Como el Padre me ha enviado, así también os envío yo”. Este es el hermoso mensaje del Evangelio de la Misa de hoy, día llamado también Domingo de la Divina Misericordia. El envío de los apóstoles, la predicación de la Iglesia, y el envío de Cristo también a nosotros, forman parte del plan misericordioso de Dios para que su mensaje salvífico llegue a todos los pueblos y a todos los tiempos.

Jesucristo nos envía a ti y a mí a proclamar su buena nueva de salvación en nuestro lugar concreto: nuestro pueblo, nuestra ciudad. Alguien nos trajo la buena nueva a nosotros; ahora se nos encarga que la llevemos a los demás. No se basa en nuestras capacidades o en nuestro poder, sino en el poder del Espíritu Santo. Y así leemos: “Dicho esto, sopló sobre ellos y les dijo: ‘Recibid el Espíritu Santo’”. Es el don del Espíritu, y no nuestros propios dones, lo que nos permite evangelizar. Y una parte importante de esta buena nueva es el perdón de los pecados: “A quienes les perdonéis los pecados, les quedan perdonados; a quienes se los retengáis, les quedan retenidos”.

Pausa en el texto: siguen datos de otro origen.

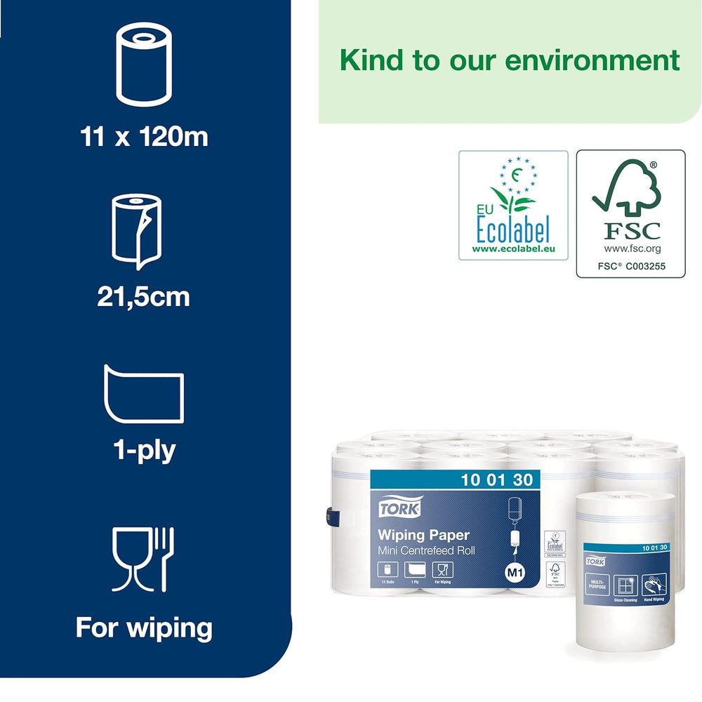 Tork 100130 Mehrzweck Papierwischtücher für das M1 Innenabrollung Mini Spendersystem / 1-lagiges sta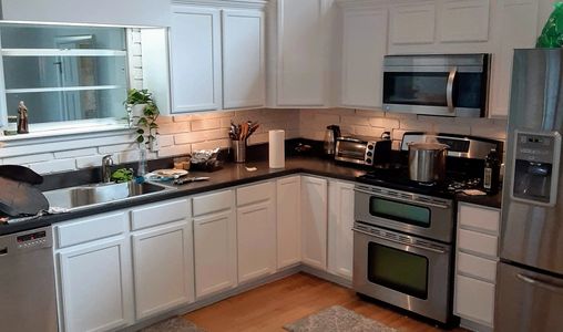Instead of replacing your cabinets, for thousands less you can have them painted any color to match your decor.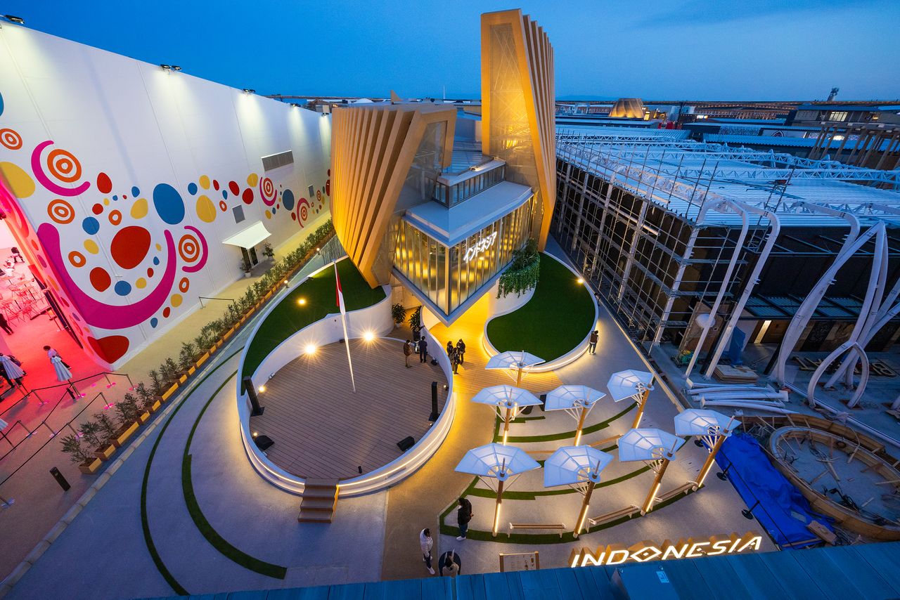 El exterior de este pabellón representa un barco, un símbolo importante para Indonesia, país que, al contar con más de 17.000 islas, es el mayor archipiélago del mundo. Este diseño refleja la visión de llevar adelante el sueño del pueblo indonesio de convertirse en una nación avanzada para el año 2045.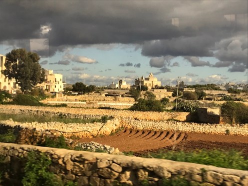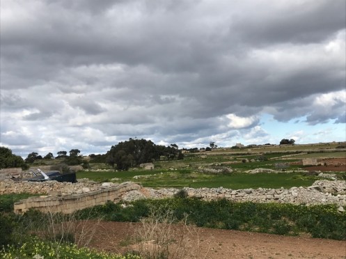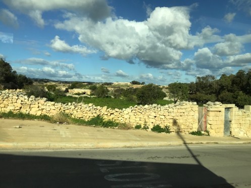 Le trottoir est bien large, nous ne risquons rien. La campagne environnante. Après un film en 3D sur la construction des temples…Et la visite d’une exposition. Nous allons voir le temple Hagar Qim. Bien plus impressionnant que celui que nous avons visité à Gozo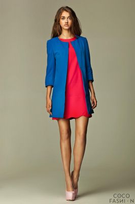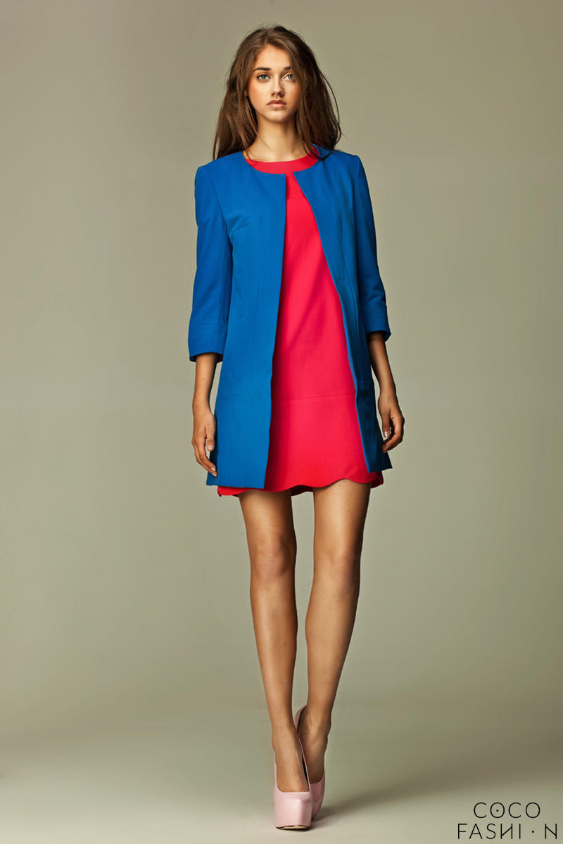 Niebieski Elegancki Długi Żakiet z Rękawem 3/4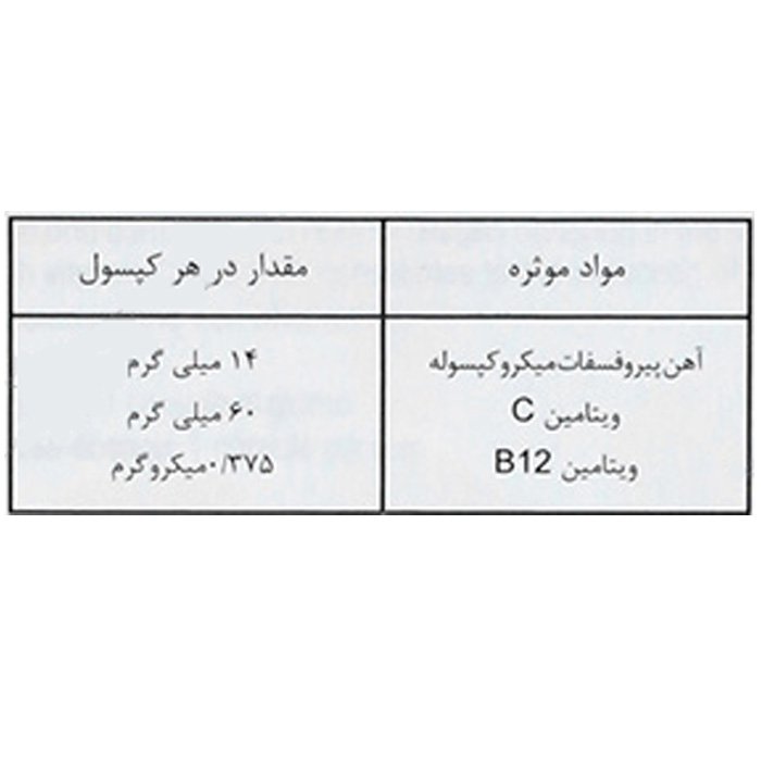 آهن یک نیاز ضروری بدن است که کمبود آن عوارض زیادی دارد و ویتامین C نیز در کنار خواص منحصربهفردی که دارد موجب تسهیل جذب آهن میشود و جذب آهن را به میزان دو برابر افزایش میدهد. همچنین ویتامین B12 موجود در این کپسول موجب تشکیل بهتر سلولهای خونی و جلوگیری از ضعف و خستگی میشود.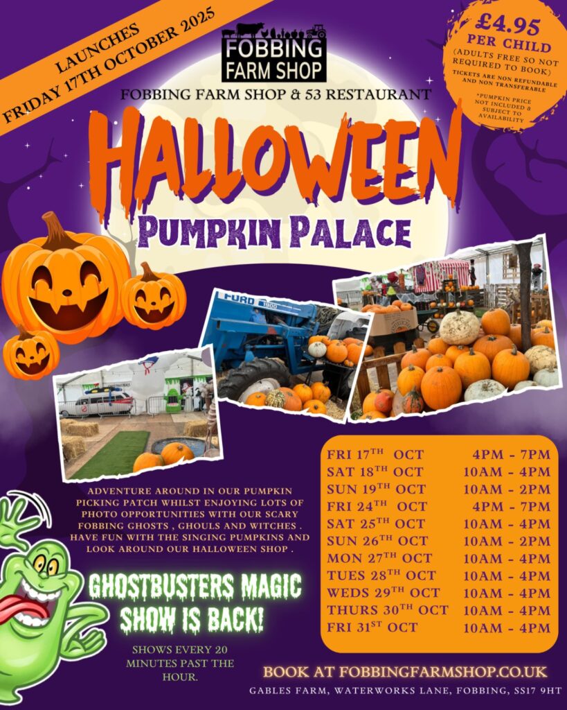 🎃 The Fobbing Farm Shop Halloween Pumpkin Palace is open from Friday 24th October until Halloween (Friday 31st October 2025)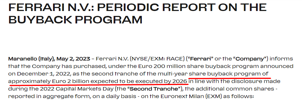Para todo 2023, Ferrari espera generar EUR 5.700 millones de ingresos y beneficios de entre EUR 6,00 y EUR 6,20 por acción.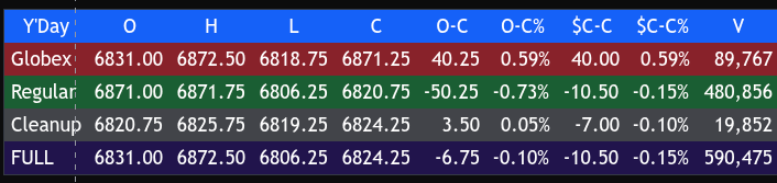 6822.75, before trading 6820.25 on the 4:00 cash close.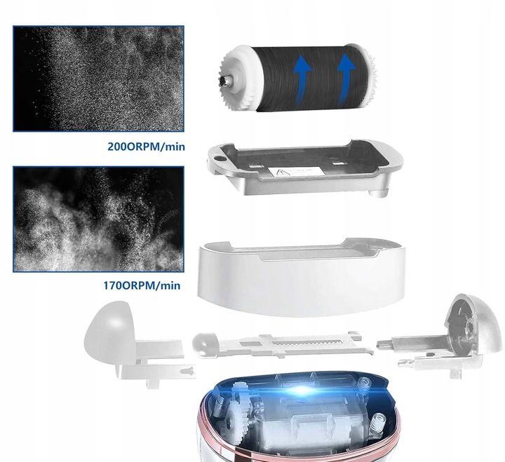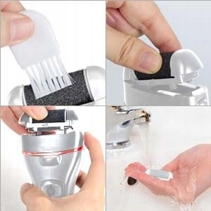 3 роликові головки - Точило лапок має 3 різні роликові головки з кварцовим піском. Груба роликова головка призначена для видалення впертої кутикули та мертвої шкіри, середня роликова головка призначена для видалення грубої мертвої шкіри, а тонкий ролик призначений для щоденного догляду за стопами. Ви можете підібрати правильний розмір голівки для ваших мозолів. Просто натисніть кнопку поруч із голівкою ролика, щоб легко зняти та замінити її.
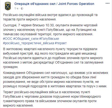 "Российско-оккупационные войска в очередной раз прибегли к провокациям и терактам против мирного населения. Сегодня, 7 июня около 10:30, оккупанты совершили преступление в населенном пункте Голубовское, что на Луганщине на временно оккупированной территории, против мирного населения", - сказано в нем.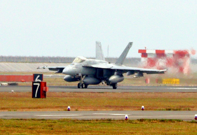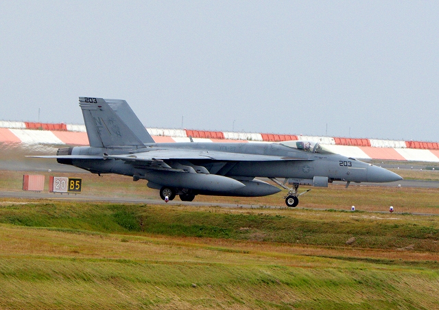 米海軍艦載機 F/A-18E スーパーホーネット 戦闘攻撃機(岩国基地)、NF、203番機が着陸 |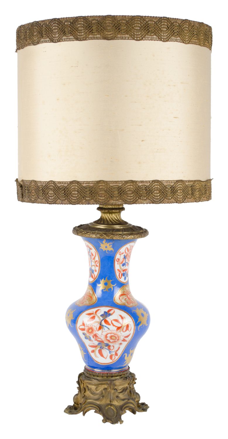LUME in porcellana decorata con base e parte superiore in bronzo. Francia XIX...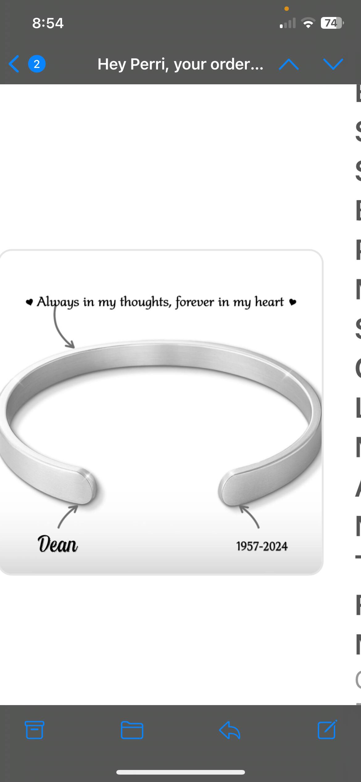 I ordered this bracelet for my girlfriend who lost her husband in 2024 and had it mailed to her on the first anniversary of his loss. She said it was beautiful and will always cherish it ♥️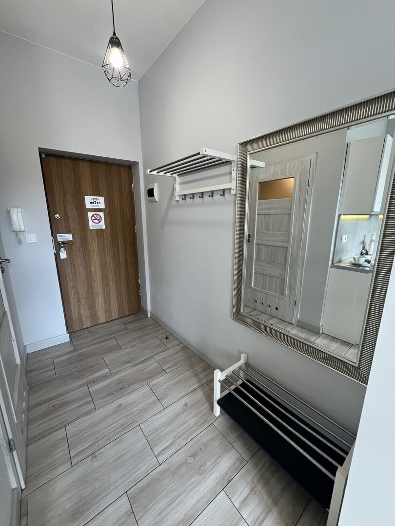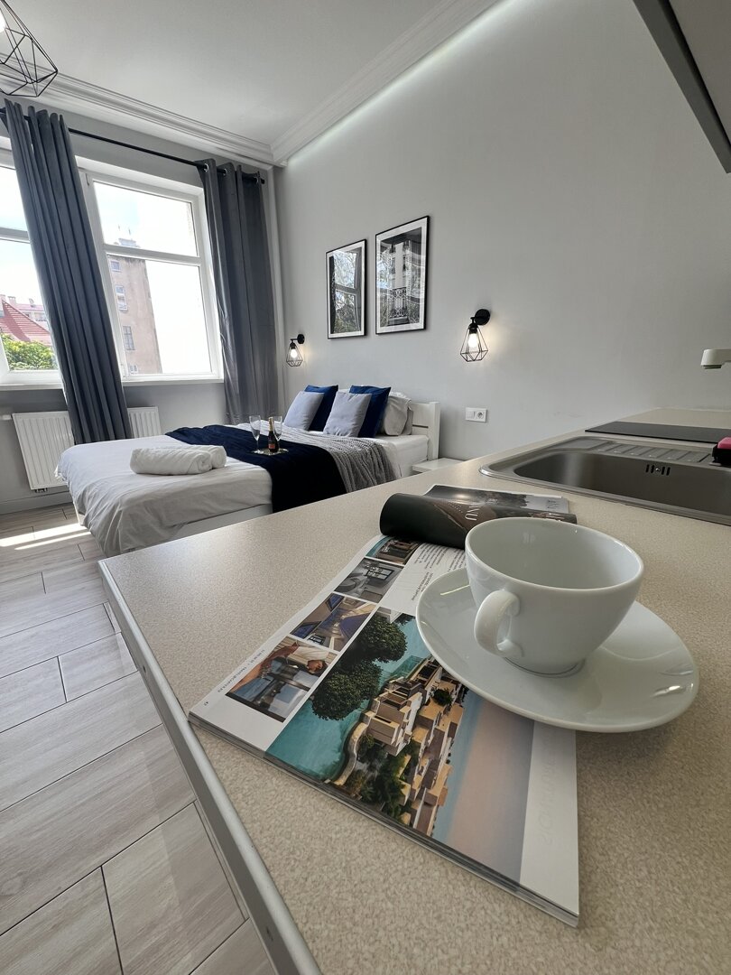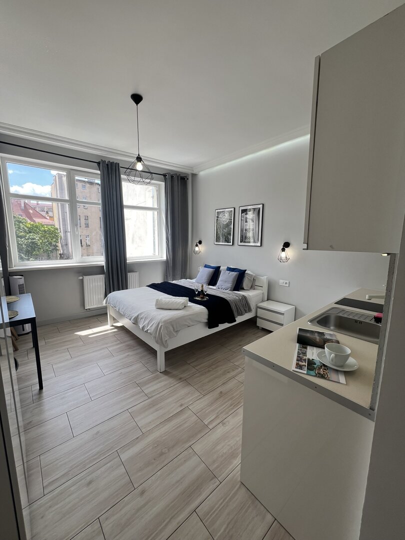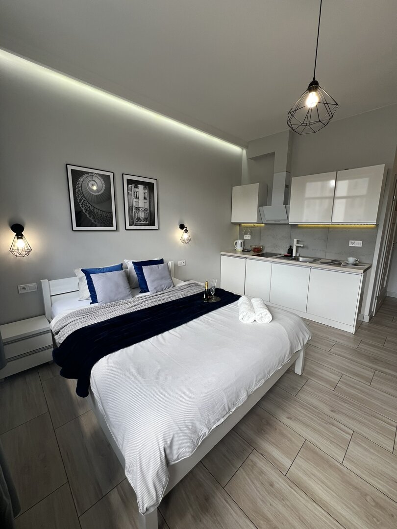 Nowoczesny oraz luksusowy apartament typu studio, urządzony w stylu soft loft o pow. 35m2. Do dyspozycji gości należy stylowo zaprojektowany apartament wyposażony w rozkładaną kanapę dla dwóch osób wraz ze stolikiem kawowym, łózko dwuosobowe, bardzo dobrz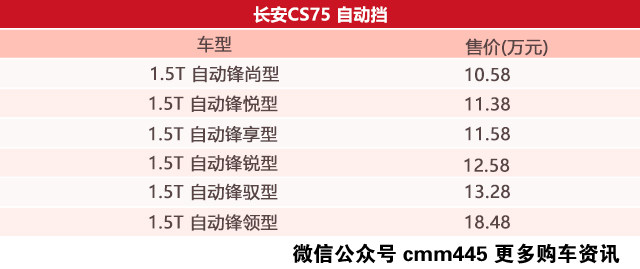 而说回今天的主角——长安CS75,在上市之初就因为自身外观以及内饰广受欢迎,搭载的是2.0L自然吸气发动机或者1.8T发动机,在不少人看来它们表现都是80分的水平,毕竟不是1.5T这个黄金排量。长安顺应时势推出了长安CS75的1.5T车型,但可惜的是没有自动挡车型,全系标配6MT手动变速箱。可幸的是,在近日长安推出了CS75 1.5T的自动挡车型,这些终于填补了自身的产品线,价格则是在10.58万起售。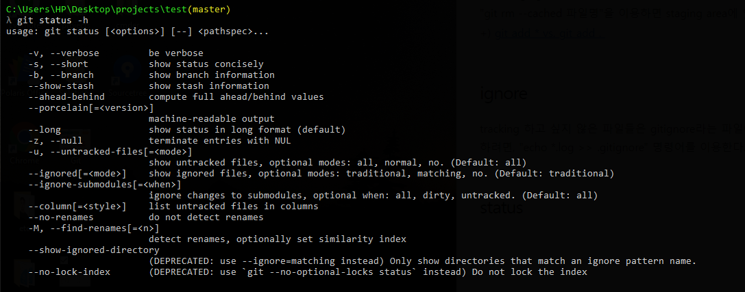 - trancked/ untracked files... | 깃이 변경 사항을 추적하고 있는 파일(tracked files), 아닌 파일(untracked files)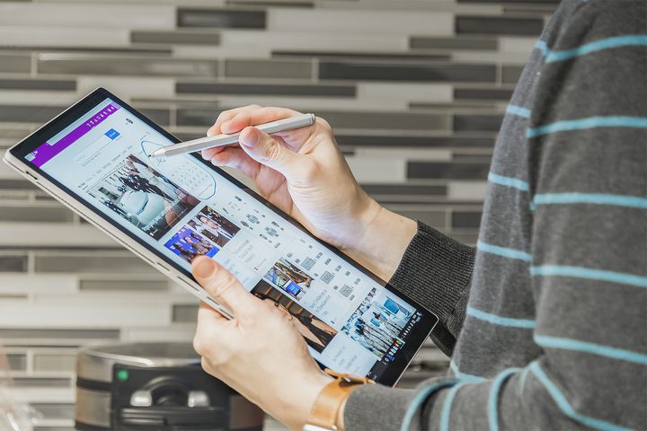 Sin embargo, puedes disfrutar del tamaño cuando sacas el bolígrafo. La pantalla ofrece un gran espacio para escribir y además es lo suficientemente grande como para actuar como un Surface Studio en miniatura cuando la tableta está sobre una mesa.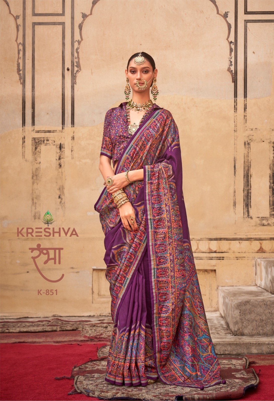 Agarwal Creation Fashions Pvt. Ltd. was based in Pune, Maharashtra and since 1984, the organization has been working at the helm of saree industry. It is specialized in manufacturing, exporting, and trading a dazzling collection of designer sarees, fancy sarees, printed sarees, bridal sarees, Bollywood sarees, and ladies kurtis. The product portfolio is appreciated for its high-quality, aesthetic design, and standards that go according to the global standards. We deal with only reliable vendors who are selected based on their market reputation, innovative designs, and reliability. One of our show-stoppers is the Kreshva Rambha Saree which epitomizes the perfect marriage of tradition and modern craftsmanship. Under the able guidance of Rupali Aggarwal, we have established a benchmark in the industry and continue to present sarees such as the Kreshva Rambha Saree cherished for their beautiful appearance, fine finish, and bright colors. Our commitment to excellence ensures that every saree, including the Kreshva Rambha Saree  is delivered in perfect condition, ready to enhance any occasion.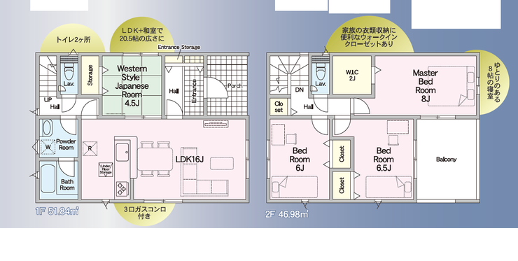 室内は、8帖もの広さを誇る主寝室など、ゆとりを感じる間取りが魅力。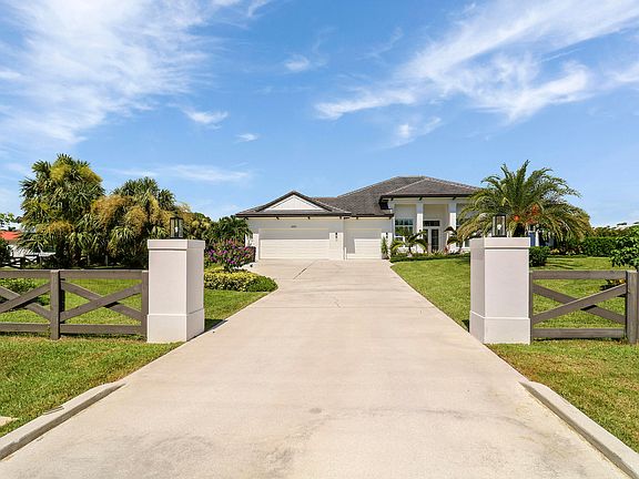 This breathtaking estate home located in Palm Beach Country Estates offers an unparalleled blend of luxury and comfort, featuring 4 spacious bedrooms, 4.5 elegantly appointed bathrooms, an office/den, and a 3 car-garage. Nestled on a sprawling acre of land, this residence boasts a resort-like pool that promises endless days of relaxation and entertainment. As you step inside, you are greeted by a grand open-concept floor plan that seamlessly connects the dining and family rooms, perfect for both intimate and large gatherings. The beautifully designed kitchen features Viking appliances, a large quartz island with countertop seating and is adjacent to the elegant living room adorned with built-in bookcases and cozy fireplace. Every corner of this home exudes casual luxury with its soaring ceilings, exquisite finishes, custom millwork and special designer touches make this home stand out from the rest. The large sliding doors flood the interior with lots of natural light and lead you to a covered patio and summer kitchen ideal for alfresco dining and outdoor entertaining. Your private paradise is complete with a sparkling saltwater pool and paved fire pit area. Beyond the beauty of the home itself, the community offers exceptional amenities, including bike paths leading to the scenic Riverbend Park, a playground for endless fun, and pickleball courts for the sports enthusiasts.
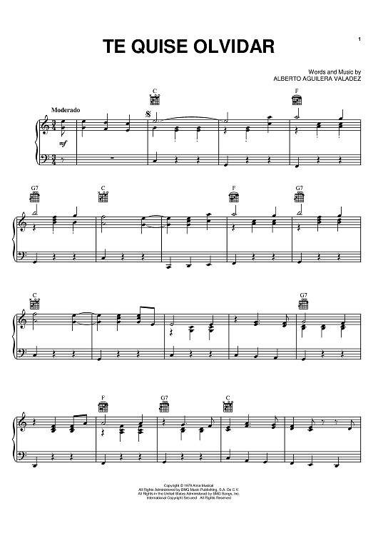 Digital Sheet Music for Te Quise Olvidar by Alberto Aguilera Valadez scored for Piano/Vocal/Chords; id:381997

Un aspecto clave de la misericordia es el perdón de los pecados, que nos llega principalmente en el sacramento de la Confesión. Somos instrumentos de misericordia cuando llevamos a las personas a confesarse. Pero también podemos serlo de otras maneras: por ejemplo, cuando reconciliamos a las personas. Una vez oí hablar de una señora moribunda que le dijo a una conocida suya, una mujer que había tenido una amarga disputa con otra mujer: “¿No es hora de que te reconcilies con ella?”. Utilizó su último aliento para intentar reconciliar a los demás. Cuánto necesitamos rezar para que haya más perdón en el mundo. Todas las guerras de las que somos testigos estos días son precisamente expresiones de una falta de perdón y solo hacen que el perdón sea más difícil.

Pero hemos recibido el soplo del Espíritu, que es más poderoso que el aliento viciado de Satanás. Tenemos el poder de ser misericordiosos y pacificadores como Cristo nos llama a ser (Mt 5, 7.9). Podríamos traer la paz de Cristo si tan solo tuviéramos fe. El evangelio de hoy también nos muestra la falta de fe de Tomás. Este necesitaba curación. A veces no conseguimos compartir la misericordia de Dios con los demás porque nosotros mismos no creemos lo suficiente en ella. En la práctica, consideramos a Cristo más muerto que vivo. Entonces necesitamos tocar a Jesús, entrar en contacto con él, en la Escritura, en la Eucaristía, en los pobres, para que transforme nuestra falta de fe en profunda creencia. “No seáis incrédulos, sino creyentes”, nos dice Jesús. Y nosotros podemos responder con Tomás: “¡Señor mío y Dios mío!”.